## Problem
Your task is to return, word for word, only the lines from the line with "# 客户端发送和终端输入。将客户端发送和终端输入的内容全都写入到一个文件中" through the close of the data. Exclude all pictures.

(Dataset excerpts)
########

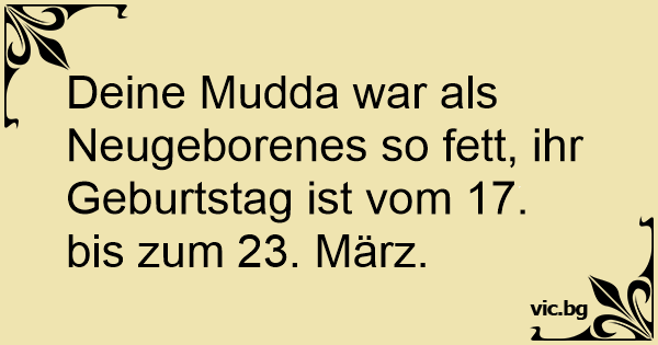 Deine Mudda war als Neugeborenes so fett, ihr Geburtstag ist vom 17. bis zum 23. März.
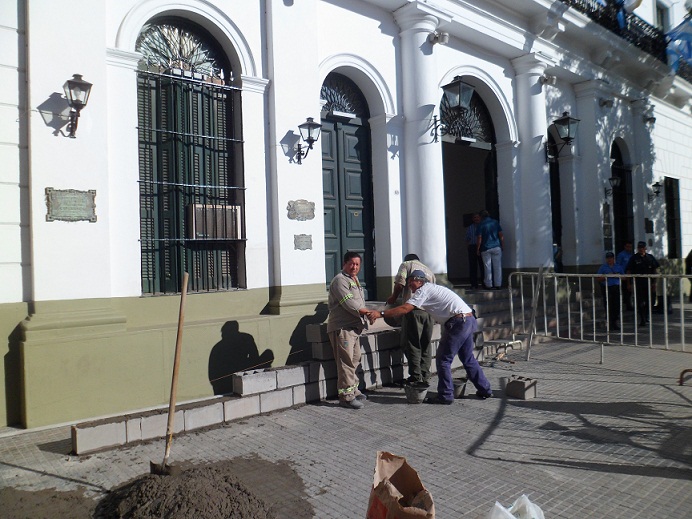 En el ingreso principal de Casa de Gobierno, trabajadores pertenecientes al municipio de la Capital trabajan en la construcción de una rampla para discapacitados.
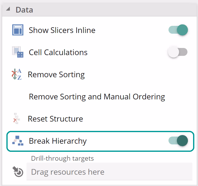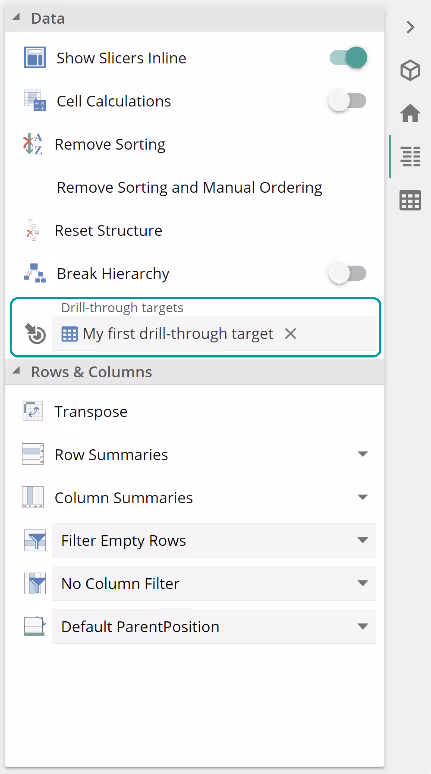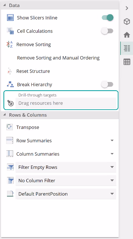 We will introduce additional resource and function-specific slicer functionality in future sections, but for now, let's quickly define a drill-through target for our Analysis Report.
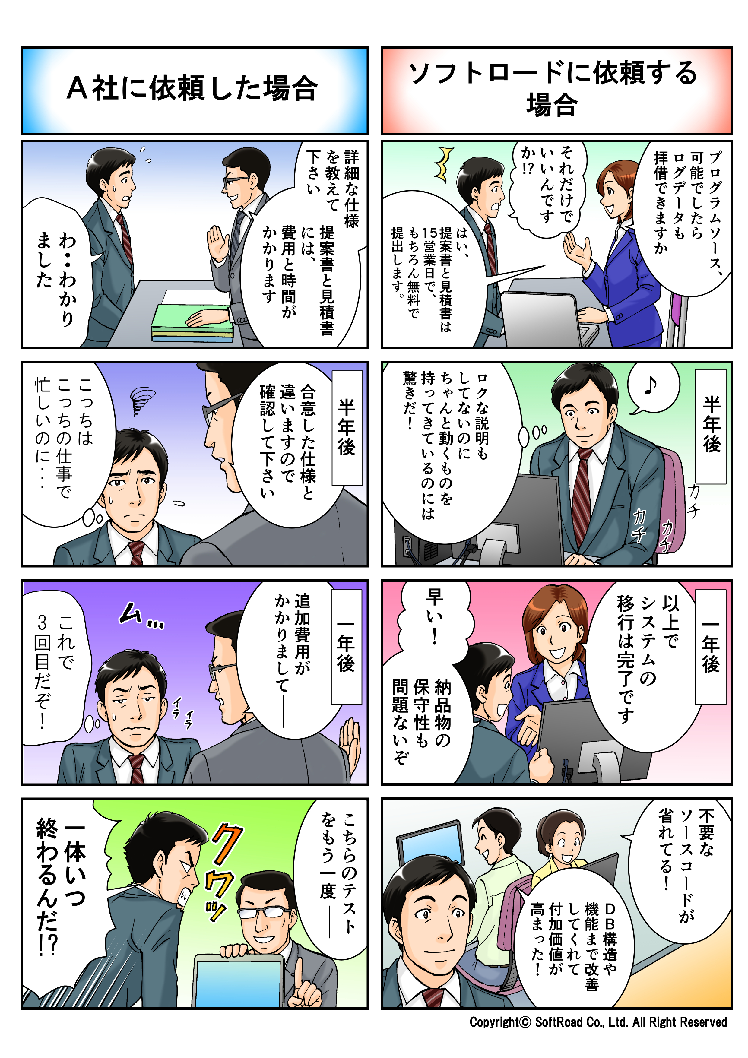 マンガファクトリー製作物 » 株式会社 ソフトロード 株式会社 ソフトロード 投稿日 2020/07/28(火曜日) 番号 F01711701 作業者 冨田 かおり 登録カテゴリー 4コマ漫画サービス紹介
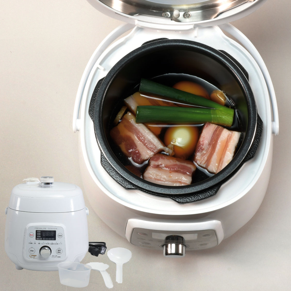 サイズ約 幅24×奥行28×高さ25(cm)重量約 2960g容量約 1.6L満水容量:2.5L4合炊き内容量1個付属品:軽量カップ、しゃもじ、おたま材質本体・軽量カップ・しゃもじ・おたま:ポリプロピレン内がま:アルミニウム合金(ふっ素樹脂塗膜加工)生産国中国製消費電力600Wコードの長さ1(m)備考最高圧力:50kPa電源:AC100V 50/60Hz区分返品・キャンセル区分(小型商品)ギフトラッピングページを見る●材料を入れてボタンを押すだけで、本格的な料理ができあがる電気圧力鍋です。●自動で調理が行われるので、調理中は他の家事や自分の時間にあてることができます。●ダイヤル式なので操作が簡単です。●予約機能を使えば、毎日できたてが楽しめます。●調理後は最大12時間、自動保温されます。おすすめポイントほったらかしで、本格料理がぐっと身近にレシピ通りに材料を入れてボタンを押すだけで、簡単ほったらかし調理ができます。ほろほろとろける肉料理や骨までやわらかい魚料理など、時間のかかるメニューも短時間でおいしく調理できます。火を使わず自動で調理が進むため、キッチンに張り付いて見守る必要がありません。調理中はほかの家事をしたり、自分の時間を楽しんだりと、暮らしにゆとりを生み出します。商品詳細シンプルでコンパクトな設計一般的な電気圧力鍋よりも比較的コンパクトなサイズです。ダイヤル式なので、何度もボタンを押す必要がなく、簡単にコースや時間などを設定できます。予約機能で毎日できたてが楽しめる予約タイマー機能が搭載されており、最大24時間まで予約可能です。お出かけ前に帰宅時間に合わせてタイマーをかけておけば、帰宅する頃にはおいしい料理ができあがります。調理後は最大12時間、自動保温されるので、帰宅が遅くなっても安心です。多彩な本格料理のレシピ付き豚の角煮・魚の煮付け・カレー・蒸し料理など、メイン料理からデザートまで、自動で調理できるレシピが付いています。関連キーワード:圧力なべ 家電 電気調理器 電気式圧力鍋 電気鍋 電気なべ 鍋 なべ 簡単 便利 役立つ 料理 調理 時短 手軽 時短料理 時短調理 つくりおき 作り置き キッチン小物 キッチン雑貨 キッチン用品 キッチンアイテム 調理器具 おすすめ オススメ 関連商品はこちら電気圧力鍋 3L ERETTO mono レシ12,880円D&S 家庭用マイコン電気圧力鍋 2.5L レ17,600円電気圧力鍋 8L 楽ポンプロ 業務用 マイコン42,980円電気圧力鍋 4L マイコン 楽ポン ヌージュ 18,280円電気圧力鍋 3L マイコン 楽ポン ヌージュ 16,280円象印 自動調理鍋 ホーロー電気調理鍋 65,780円 圧力鍋 5.5L IH対応 魔法のクイック料16,280円電子レンジ圧力鍋 2.3L プラスチック製 極5,980円テーブルフライヤー 家庭用 電気フライヤー ピ14,080円圧力鍋 4L IH対応 20cm 圧力切替 エ12,800円電気炊飯器 5合炊き 糖質33%OFF炊飯器 12,980円電気式 卓上 串揚げ鍋 天ぷら鍋 自動油温調節5,480円
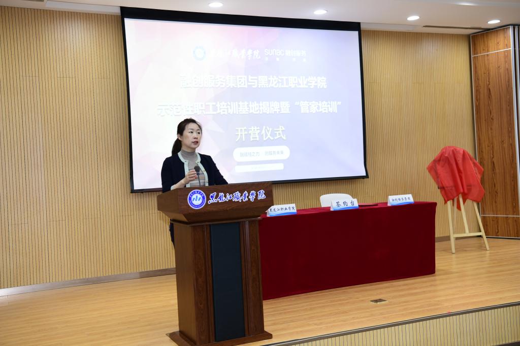 接下来,副校长王明海发表致辞。他首先介绍了当前党中央、国务院对于职业教育的重视程度,习近平总书记对职业教育提出了新的要求,肯定了职业教育的重要地位,指出了职业教育新的办学格局和方向。国务院出台了系列政策文件,倡议职业教育携手行业龙头企业,为国家发展培养高素质技术技能人才。接着,他介绍了学校的办学历史、办学理念和优势以及工商管理学院为服务龙江经济培养优秀人才的突出表现。他表示,学校将大力支持与融创服务集团的产教融合项目,希望双方在现有基础上开展更加深入的合作,开发出更多建设性成果。未来为龙江区域经济发展、融创集团发展、学校学院建设作出更加卓越地贡献。
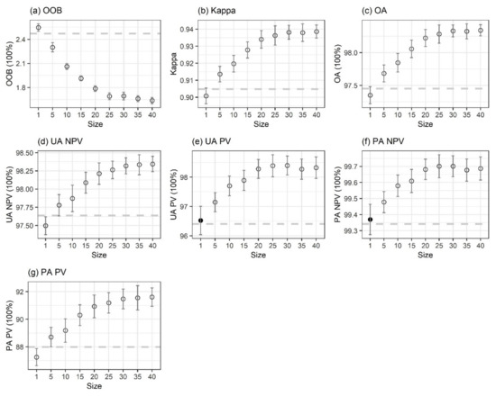 The mean value (dot) and stand deviation (error bar) of (a) Out-Of-Bag error (OOB), (b) Kappa coefficient, (c) Overall Accuracy (OA), (d) User’s Accuracy of non-PV power plants (UA NPV), (e) User’s Accuracy of PV power plants (UA PV), (f) Producer’s Accuracy of non-PV power plants (PA NPV), and (g) Producer’s Accuracy of PV power plants (PA PV) for the model trained with spectral variables and textural variables in different GLCM sizes. The dashed line was the mean value for the model trained with only spectral variables. The paired t-test was used to determine the difference between the model trained with only spectral variables and the model trained with spectral and textural variables; black and white points indicated statistically significant at p > 0.01 and p < 0.01 levels, respectively.
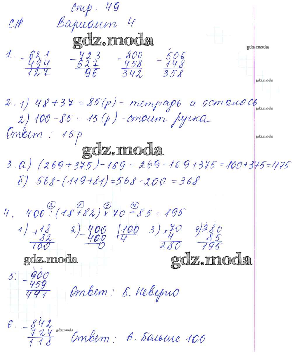 ГДЗ решение к заданию № 49 Математика 3 класс тесты и самостоятельные работы Нефёдова М.Г. Аст/Астрель 2017 ФГОС бесплатно на гдз.мода!
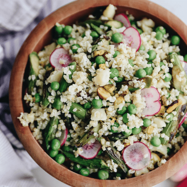 Spring Bulgur Wheat Salad with Avocado Herb Dressing
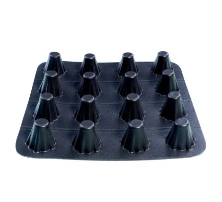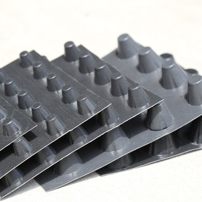 凹凸型的排水板施工由于正反面的形狀不一樣,效果也不同所以大家在施工時要注意正反面的放置問題。
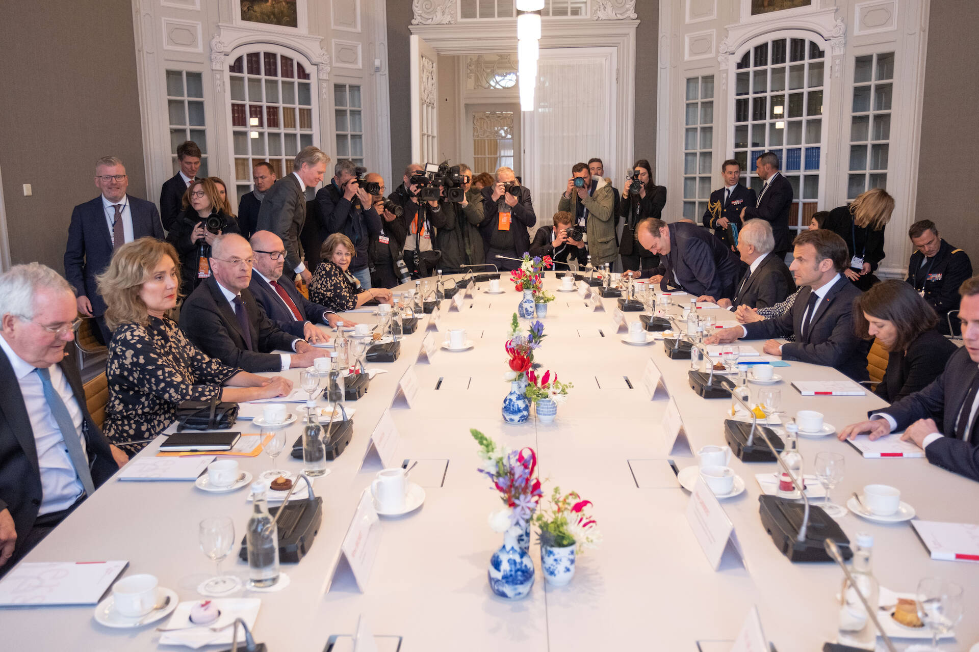 De Voorzitters van Eerste en Tweede Kamer ontvingen dinsdag 11 april de president van Frankrijk, Emmanuel Macron. Macron is in Nederland voor een tweedaags staatsbezoek. Eerste Kamervoorzitter Jan Anthonie Bruijn en Tweede Kamervoorzitter Vera Bergkamp ontvingen de president in de Eerste Kamer in Den Haag.
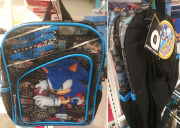 Here, Accessory Innovations makes a mini backpack. This is a 2021 item, but how big is it? If standard ones are about 16 inches, then this must be smaller than that. Notice that it does not have the usual exterior pocket area because it is 'mini'. The theme here is Sonic, Tails & Knuckles, all in CG. They're on a blue/yellow/black stripe background and all in poses that have a 'moving forward' type look. There's also that jagged-look gold ring behind Sonic. His name appears in a red italic font somewhat like the logo font at the bottom. The bag border is black & the zipper pull is red. It appears to have that 'super shiny glaze plastic' on the Sonic portion of the bag, or maybe just his face? Accessory Innovations items are usually priced pretty well, so this should be less money than their standard size bag.Where is this sold, and what is the real size of the mini bag? |
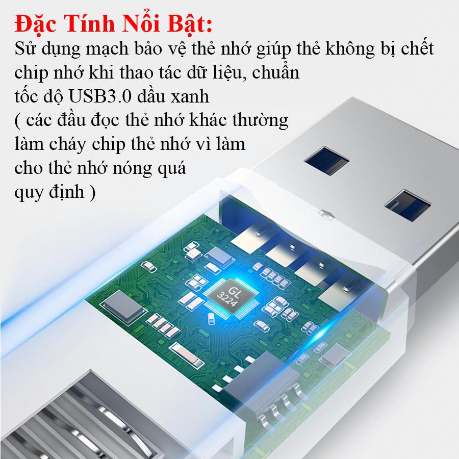 Tính năng nổi bật: đầu đọc thẻ sử dụng mạch chip GL3224 bảo vệ thẻ nhớ tiền triệu của bạn khỏi bị cháy chíp nhớ vì không làm cho thẻ nhớ nóng quá tải, bảo vệ luồng dữ liệu khi thao tác, đây là sự khác biệt giữa các đầu đọc thẻ loại thường.
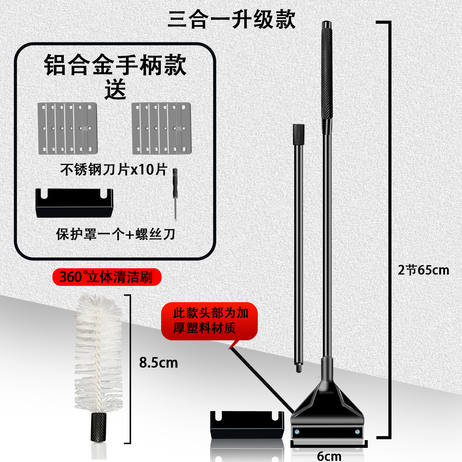 • 쓰리인원 65cm 알루미늄 합금(블랙) 칼날 10개 + 브러시 헤드 + 그물
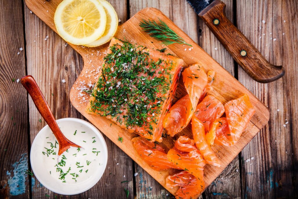 - Saler et sucrer les filets de saumon. Réserver dans une boite hermétique et laisser mariner 12h.
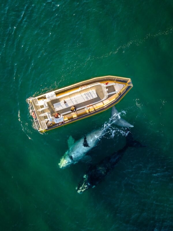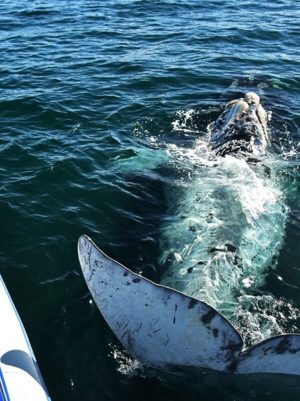 Após uma breve palestra introdutória do capitão e do guia do barco, embarcaremos na embarcação, que será rebocada por um trator até o mar aberto. Em seguida, iniciaremos a busca por um grupo de baleias; o guia fornecerá informações sobre esses mamíferos impressionantes enquanto o capitão nos orientará na aproximação.
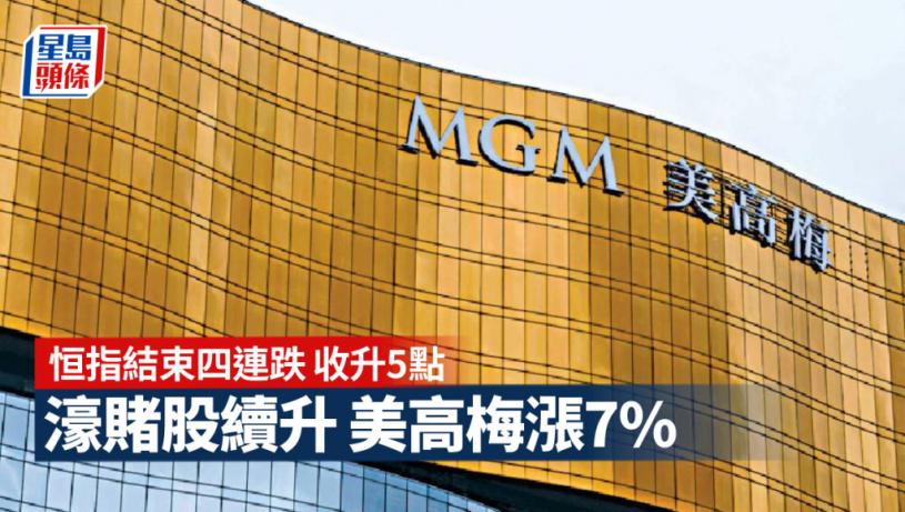 濠賭股續升,新濠國際(200)升9.2%,報6.55元;美高梅中國(2282)升7%,報4.58元;永利澳門(1128)漲5.3%,報5.39元;澳博(880)升4%,報3.11元;金沙中國(1928)升3.2%,報21.05元。
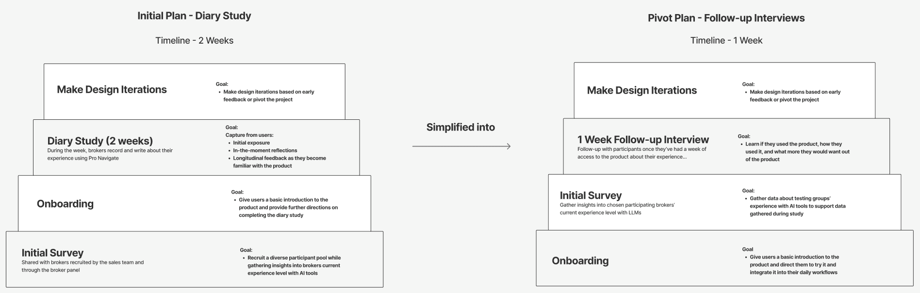We simplified the approach to follow-up interviews after participants were granted access to Pro Navigate for a week and encouraged to integrate it into their workflows. Since this project was operating on a tight timeline, we could not afford the participant drop-off often associated with non-incentivized diary studies, nor the added legal and security exposure.This approach shortened the timeline and increased the likelihood of collecting usable data, even if it meant sacrificing some depth.
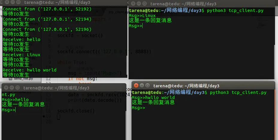 # 客户端发送和终端输入。将客户端发送和终端输入的内容全都写入到一个文件中
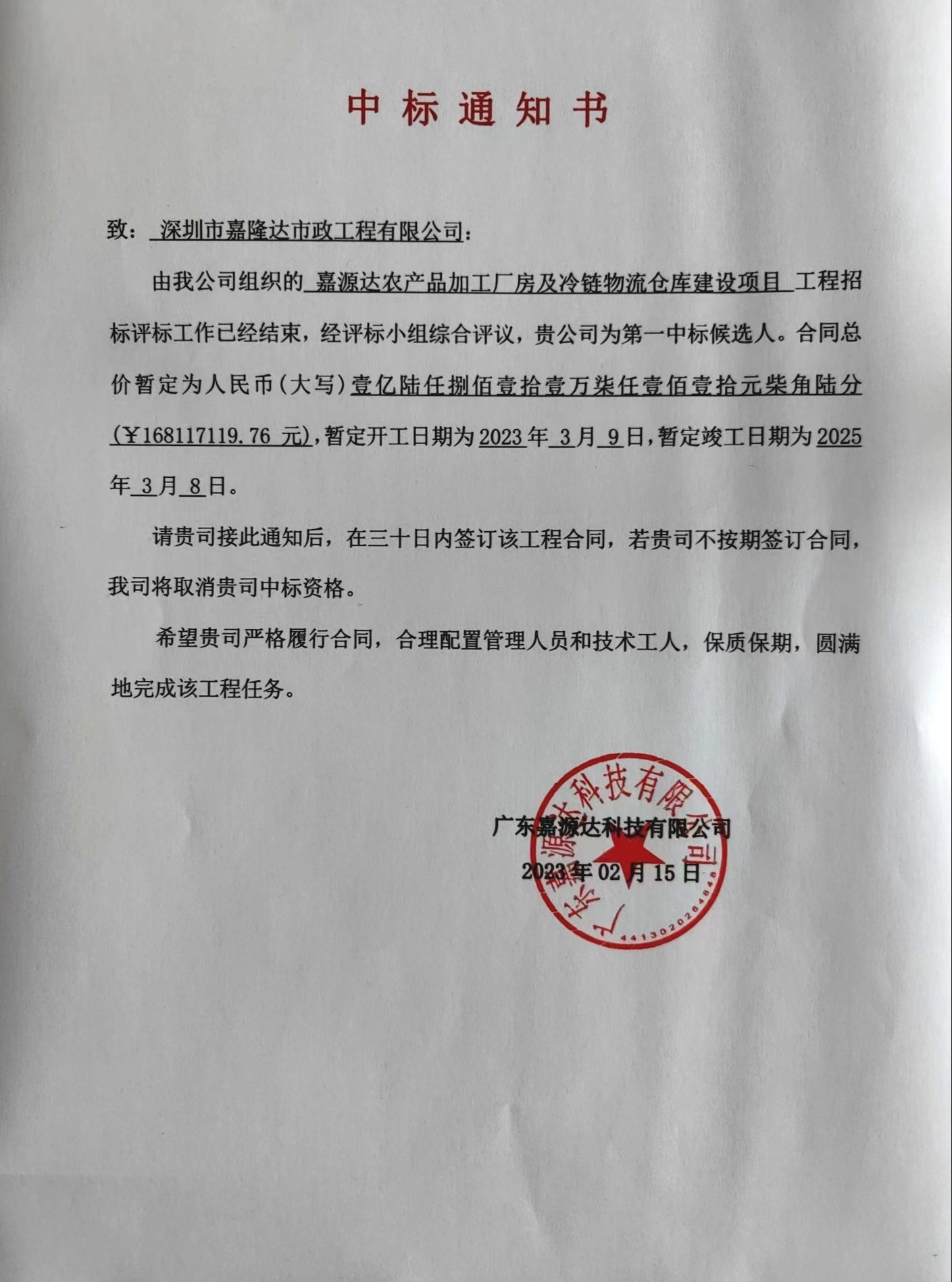 喜訊!公司中標嘉源達農(nóng)產(chǎn)品加工廠房及冷鏈物流倉庫建設項目

########

## Written solution
 # 客户端发送和终端输入。将客户端发送和终端输入的内容全都写入到一个文件中
 喜訊!公司中標嘉源達農(nóng)產(chǎn)品加工廠房及冷鏈物流倉庫建設項目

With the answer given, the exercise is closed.